A comparison of pairwise LD (measured as r2) for all pairs of SNPs in each region shows similar patterns across populations (Figure 2B). The Spearman’s rho value for the pairwise r2 values are 0.84, 0.94 and 0.95 for AFR vs. YRI, EAS vs. CHB+JPT and EUR vs. CEU, respectively. For between-continent comparisons, the correlations range from 0.63 for AFR vs. CEU to 0.75 for EUR vs. CHB+JPT. Similar analyses were performed using D′ as a measure of LD, although all correlations for D′ are lower compared to those of r2 (not shown). The lower correlation of D′ values may be largely caused by a ceiling effect of this measurement [20].

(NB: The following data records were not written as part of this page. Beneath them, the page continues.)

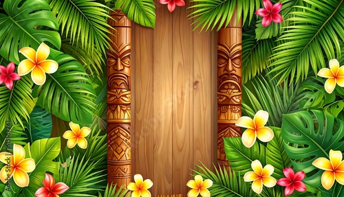 tiki, tropical, wooden, background, flower, leaf, plant, carved, pole, frame, border, design, illustration, summer, vacation, paradise, exotic, lush, green, floral, pattern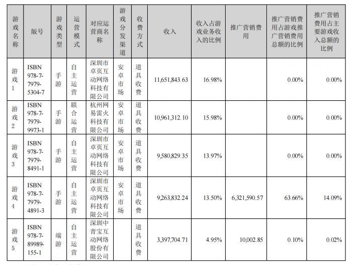 此外,中青宝在财报中披露了5款主要运营游戏的具体收入,其中收入最高的游戏上半年营收约为1165.18万元,占游戏业务收入16.98%的比例。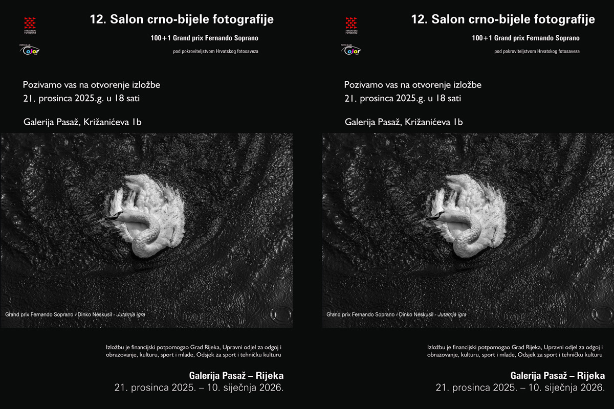 U Galeriji Pasaž u nedjelju, 21. prosinca s početkom u 18 sati, svečano se otvara 12. Salon crno-bijele fotografije 100+1.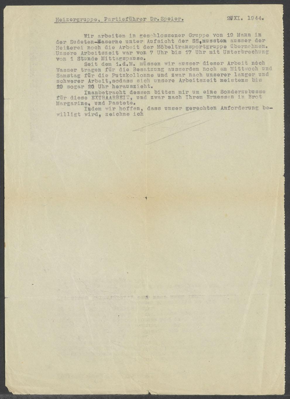 Emanuel Speijer schrijft dat ze als groep van 19 personen in de Sudeten-Kazerne onder toezicht van de SS als stokers werken, maar tevens ook nog het werk van de meubel-transport-groep moesten overnemen. Sinds de eerste van de maand november moeten ze ook nog het water dragen voor het personeel alsook op woensdag en zaterdag voor de schoonmaakploeg. Dit alles maakt dat ze vele overuren maken. Daarom verzoeken ze voor dit extra werk een beloning in natura in de vorm van extra brood, margarine en paté. Ondertekend (bijna niet meer te lezen) door E.A.M. Speijer.
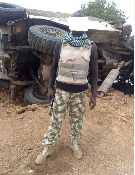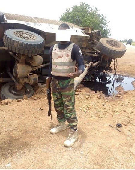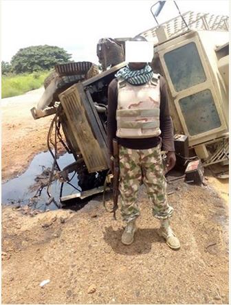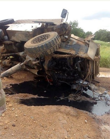An Armoured Personnel Carrier (APC) belonging to Nigerian soldiers was hit by an Improvised Explosive Device (IED) during clearance operation in the northern part of the country as depicted in the pictures.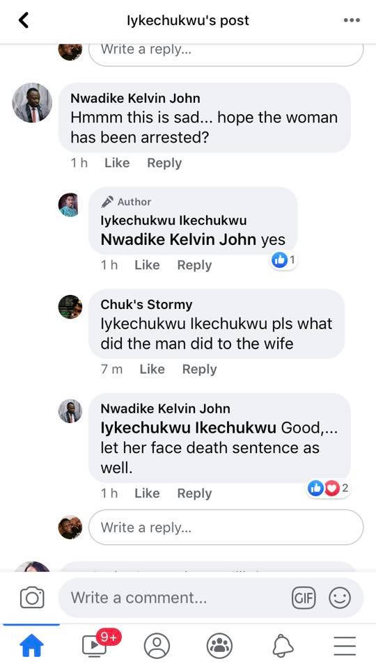 Facebook user Iykechukwu Ikechukwu who shared videos from the scene of the incident, claimed the man never cheated on his wife and only preached ”repentance” to her. According to him, the suspect has since been arrested.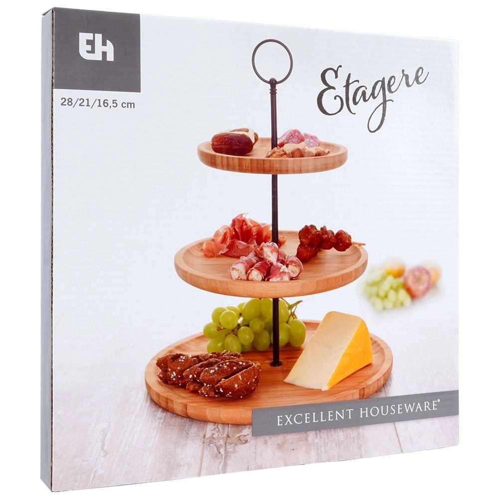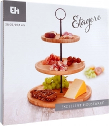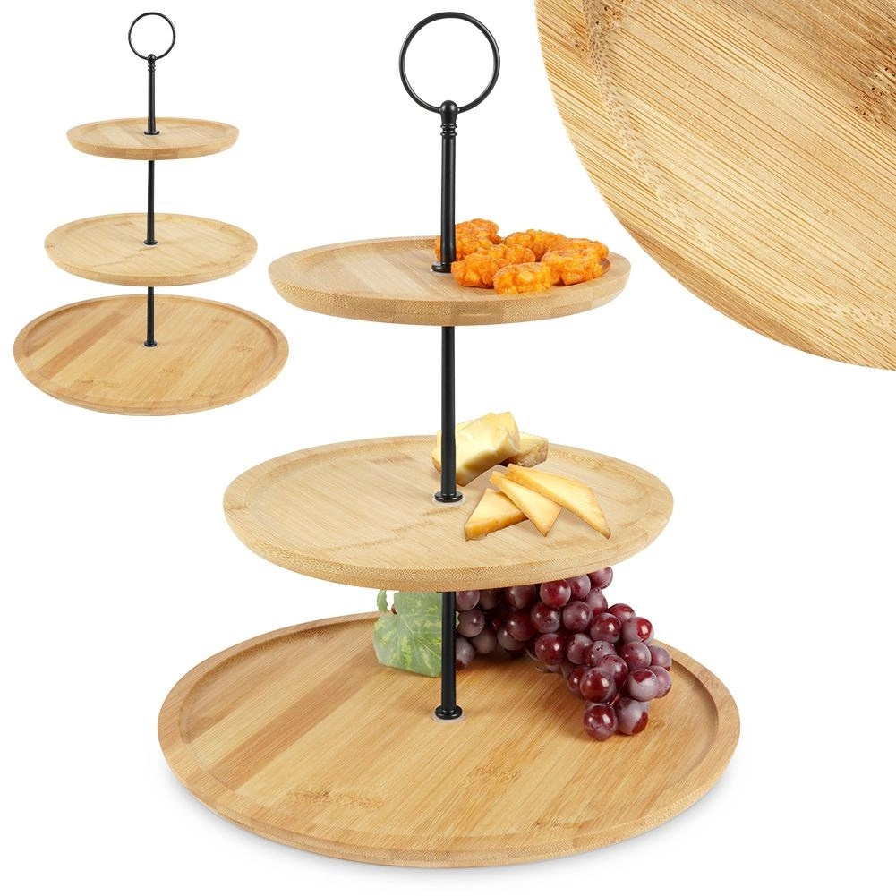 Platou etajat elegant din bambus, cu înălțimea de 35 cm, oferă o prezentare spectaculoasă a deserturilor, fructelor și gustărilor. Datorită celor trei niveluri cu diametre diferite, obții mai mult spațiu pe masă și o vizibilitate excelentă. Lemnul de bambus natural, combinat cu elemente metalice solide, arată stilat și este ideal atât pentru uz casnic, cât și profesional.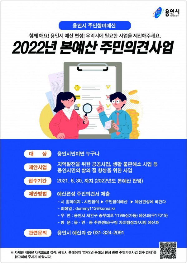 용인시는 5월1일부터 6월30일까지 예산편성 관련해 시민들에게 설문조사를 실시한다고 밝혔다. 용인시, 2022년 예산편성 시민 설문조사_2022년 본예산 주민의견사업 포스터 내년도 예산편성 방향과 투자 우선순위 설정에 시민들의 다양한 의견을 반영하려는 것이다. 설문조사는 5년간 우선 투자 분야 및 주민참여예산제 인지도 등 22개 항목으로 구성됐다. 시민, 관내 기관 또는…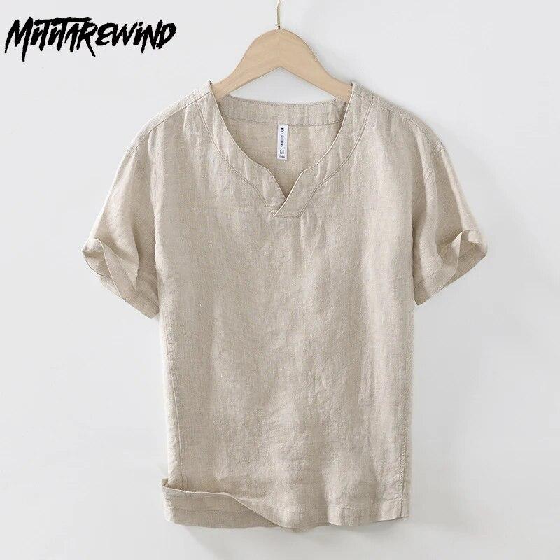 Летние футболки из 100% натурального льна, мужские футболки в китайском стиле, ретро-одежда, сплошной цвет, воротник-стойка, v-образный вырез, топы с короткими рукавами и футболки, повседневная дышащая футболка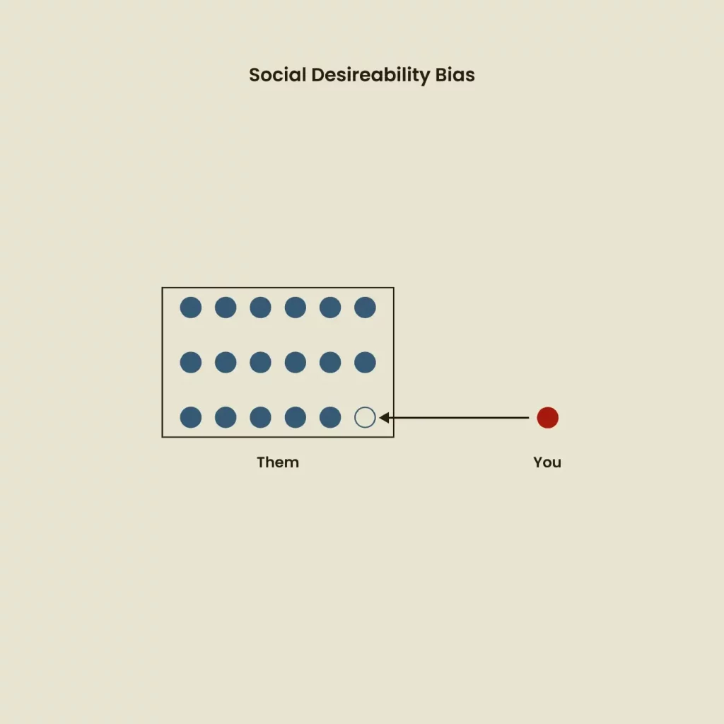사람들은 그들에 대한 거부와 혐오를 피하기 위해 집단의 일부가 되고자 하는 뿌리깊은 욕구를 가지고 있습니다. 연구 인터뷰 중에 인터뷰 대상자는 거짓말을 할 수 있고 면접관 앞에서 부끄럽거나 부끄러워 보이지 않도록 응답을 왜곡할 수 있습니다. 이에 대응하기 위해 연구자는 연구의 기밀성을 강화하고 참가자가 가능한 한 정직하게 행동하도록 장려해야 합니다. 이것은 또한 참가자들이 더 자연스럽게 행동할 수 있기 때문에 이러한 형태의 편견을 줄이는 데 관찰 연구가 인터뷰보다 더 유익할 수 있는 이유입니다.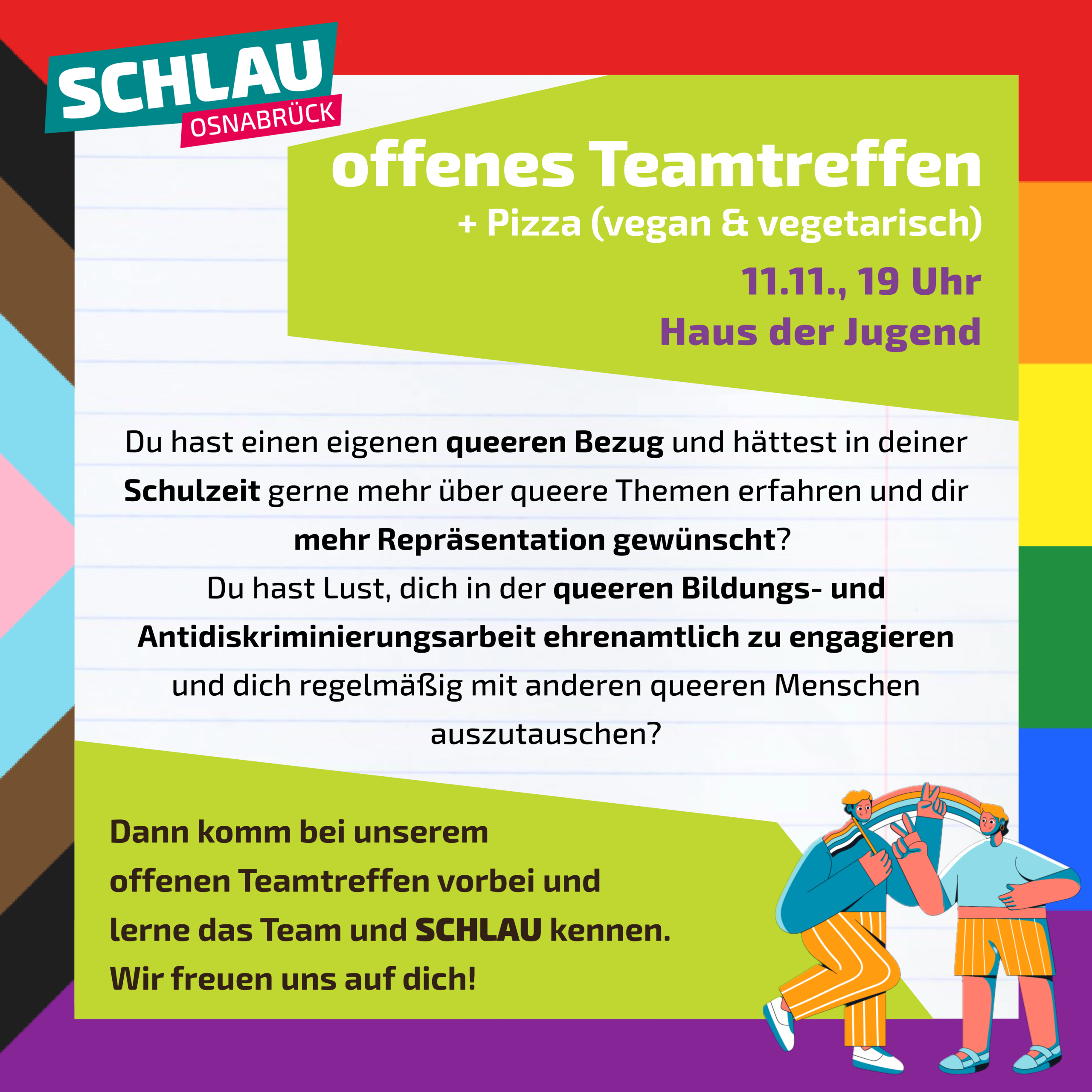 Wir suchen immer Teamer*innen zur ehrenamtlichen Mitarbeit in der queeren Bildungsarbeit bei SCHLAU. Unsere Kontaktdaten findest Du unten!

We then compared allele frequencies and LD patterns of HapMap populations with the Indian and Pygmy population samples. Allele frequencies in these two populations are less correlated with the corresponding frequencies in the HapMap populations than was the case for our continental groups (Figure 3). Allele frequencies for Indians show the highest correlation with the HapMap JPT+CHB (rho=0.71), and Mbuti Pygmies correlate best with the HapMap YRI (rho=0.87). Pairwise LD (r2) values also show a weaker correlation with HapMap populations, relative to the results of our continental groups. LD patterns in Indians are correlated with LD in the HapMap CHB+JPT and CEU populations to a similar degree (rho=0.76 and 0.71, respectively) and to a lesser degree with YRI (rho=0.62). The LD pattern in Mbuti Pygmies is most similar to that in the HapMap YRI population (rho=0.60; Figure 4), although the correlation is less than the correlation between AFR and YRI (rho=0.84; Figure 2B).

Figure 3
Correlation of allele frequency between HapMap populations and A) Indians; B) Mbuti Pygmies
Figure 4
Correlation of pairwise LD (r2) between HapMap populations and A) Indians; B) Mbuti Pygmies

HapMap tagSNP transferability in comparable continental groups

To examine the transferability and tagging efficiency of HapMap tagSNPs in major continental groups, tagSNPs in each genomic region were selected from each HapMap population so that 100% of the known polymorphic SNPs in each region would be captured with r2 >= 0.8 in that population. These sets of tagSNPs were then evaluated in each of our continental groups to determine the SNP capture rate: the percentage of SNPs captured at r2 >= 0.8 when using a pairwise tagging algorithm. These SNP capture rates show how well the chosen tagSNPs represent haplotype variation in other populations. The tagging efficiency is evaluated by the total number of the captured SNPs divided by the number of tagSNPs used, i.e. the number of SNPs captured per tagSNP. By calculating per tagSNP capture rate, we effectively normalize the different number of tagSNPs selected from each HapMap population. The more SNPs captured per tagSNP, the more efficient the tagSNP strategy will be.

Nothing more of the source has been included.